Aim of the exercise. Reproduce, exactly and only, the lines of the data that follows from the one containing "По окончании литургии" down to the one containing "Order the Mystery", without pictures.

Supplied records.
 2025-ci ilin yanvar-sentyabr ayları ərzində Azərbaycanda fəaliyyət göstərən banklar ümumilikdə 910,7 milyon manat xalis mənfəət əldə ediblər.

...

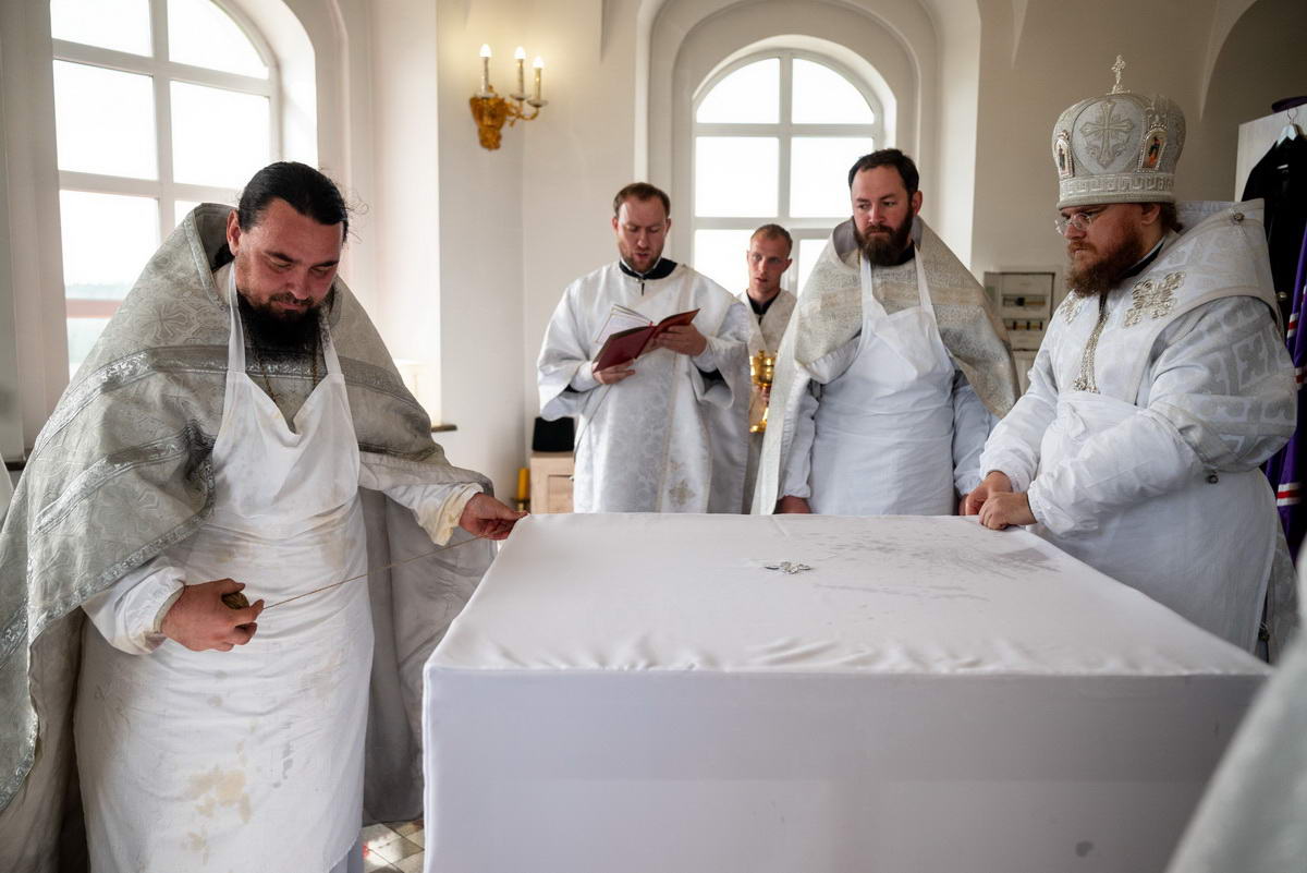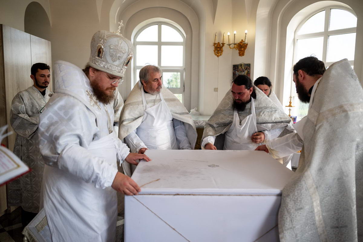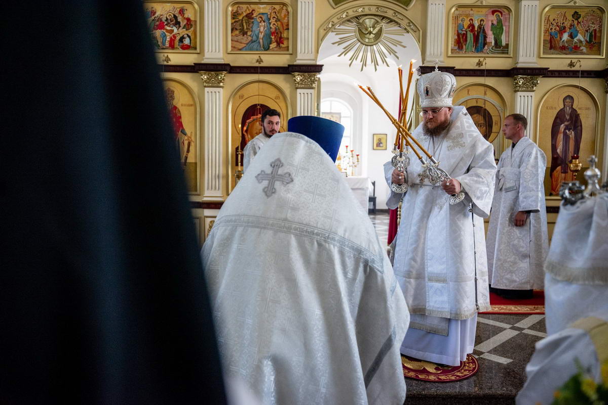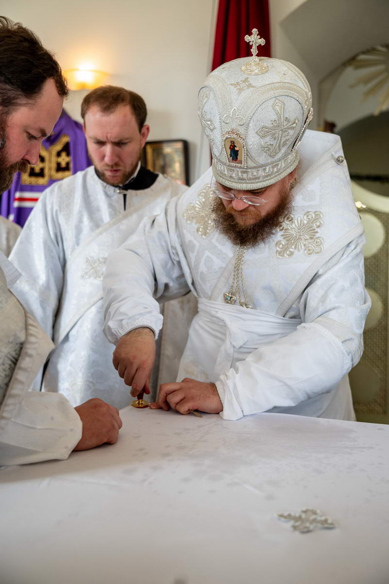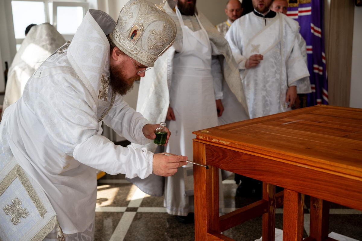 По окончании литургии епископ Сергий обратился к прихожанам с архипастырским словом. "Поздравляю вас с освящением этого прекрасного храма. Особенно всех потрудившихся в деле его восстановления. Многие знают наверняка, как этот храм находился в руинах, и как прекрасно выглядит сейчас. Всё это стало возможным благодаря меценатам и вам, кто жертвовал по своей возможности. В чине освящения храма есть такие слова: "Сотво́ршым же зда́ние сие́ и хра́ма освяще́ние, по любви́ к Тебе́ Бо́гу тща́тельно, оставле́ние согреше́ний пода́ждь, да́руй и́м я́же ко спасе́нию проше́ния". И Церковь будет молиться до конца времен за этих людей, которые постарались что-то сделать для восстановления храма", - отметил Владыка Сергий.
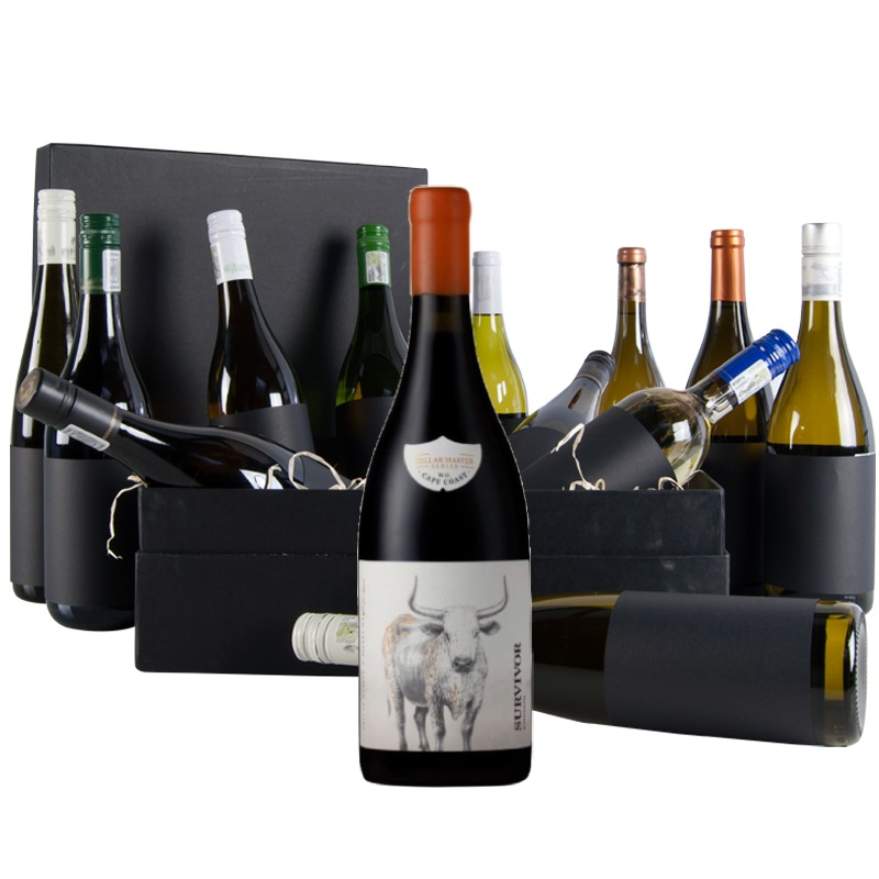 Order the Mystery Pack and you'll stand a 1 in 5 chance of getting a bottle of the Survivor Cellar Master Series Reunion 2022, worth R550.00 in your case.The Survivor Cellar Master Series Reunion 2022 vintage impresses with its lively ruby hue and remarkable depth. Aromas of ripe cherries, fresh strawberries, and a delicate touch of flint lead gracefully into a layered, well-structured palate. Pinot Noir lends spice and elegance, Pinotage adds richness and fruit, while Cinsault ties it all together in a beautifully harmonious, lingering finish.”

Task result.
 По окончании литургии епископ Сергий обратился к прихожанам с архипастырским словом. "Поздравляю вас с освящением этого прекрасного храма. Особенно всех потрудившихся в деле его восстановления. Многие знают наверняка, как этот храм находился в руинах, и как прекрасно выглядит сейчас. Всё это стало возможным благодаря меценатам и вам, кто жертвовал по своей возможности. В чине освящения храма есть такие слова: "Сотво́ршым же зда́ние сие́ и хра́ма освяще́ние, по любви́ к Тебе́ Бо́гу тща́тельно, оставле́ние согреше́ний пода́ждь, да́руй и́м я́же ко спасе́нию проше́ния". И Церковь будет молиться до конца времен за этих людей, которые постарались что-то сделать для восстановления храма", - отметил Владыка Сергий.
 Order the Mystery Pack and you'll stand a 1 in 5 chance of getting a bottle of the Survivor Cellar Master Series Reunion 2022, worth R550.00 in your case.The Survivor Cellar Master Series Reunion 2022 vintage impresses with its lively ruby hue and remarkable depth. Aromas of ripe cherries, fresh strawberries, and a delicate touch of flint lead gracefully into a layered, well-structured palate. Pinot Noir lends spice and elegance, Pinotage adds richness and fruit, while Cinsault ties it all together in a beautifully harmonious, lingering finish.”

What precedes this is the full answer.